A set of hands-on Jupyter notebooks that walk through the main checkllm workflows. Each notebook is fully runnable end-to-end without a real API key — judged metrics are powered by an in-process FakeJudge. A clearly marked cell in every notebook shows how to swap in a real provider (OpenAIJudge, AnthropicJudge, etc.) once you have credentials.

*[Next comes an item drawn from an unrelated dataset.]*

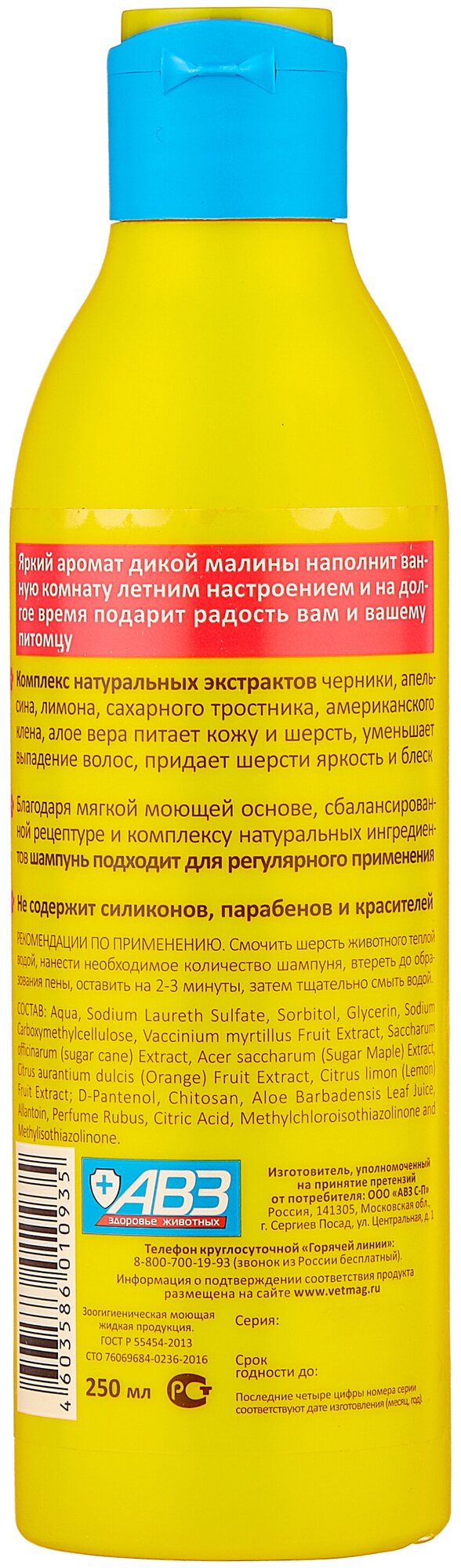 Преимущества: • Не содержат силиконов, парабенов и красителей • Уcтpaняют cпeцифичecкий зaпax живoтнoгo • Уменьшают выпадение волос • Придают шерсти блеск Состав и свойства. В линейку входят 4 средства с разными ароматами. Благодаря сбалансированной рецептуре, мягкой моющей основе и комплексу природных компонентов средства подходят для регулярного применения. В состав шампуней входят натуральные экстракты сахарного тростника, апельсина, черники, американского клена, лимона и алоэ вера. Благодаря этим полезным элементам шампуни снижают выпадение волос, питают кожу и шерсть вашего любимца, придают ей яркость и блеск. Вы можете выбрать один из потрясающих ароматов или попробовать каждый из них. Дикая малина. Яркий аромат дикой малины наполнит ванную комнату летним настроением и на долгое время подарит радость вам и вашему питомцу! Порядок применения. Смочить шерсть животного теплой водой, нанести необходимое количество шампуня, втереть до образования пены, оставить на 2-3 минуты, затем тщательно смыть водой.

All notebooks live in docs/notebooks/ with their outputs cleared so reviews stay clean.

Notebooks

# Notebook What you'll learn
01 Quickstart Install checkllm, run your first deterministic check, call a judge offline, interpret results.
02 RAG evaluation Faithfulness, context precision/recall, NDCG, and MRR on a toy retrieval pipeline.
03 Conversational eval Multi-turn chat evaluation with ConversationalTestCase and per-turn scoring.
04 Agent trajectory Tool-use validation, step efficiency, loop detection, and final-answer judging.
05 Red teaming Attack generation, OWASP scorecard, vulnerability rollups.

Running locally

pip install checkllm jupyterlab
jupyter lab docs/notebooks/

Every notebook starts from a stubbed judge so the first run requires no secrets. Once you're comfortable, replace FakeJudge with a real backend from checkllm.judge and re-run.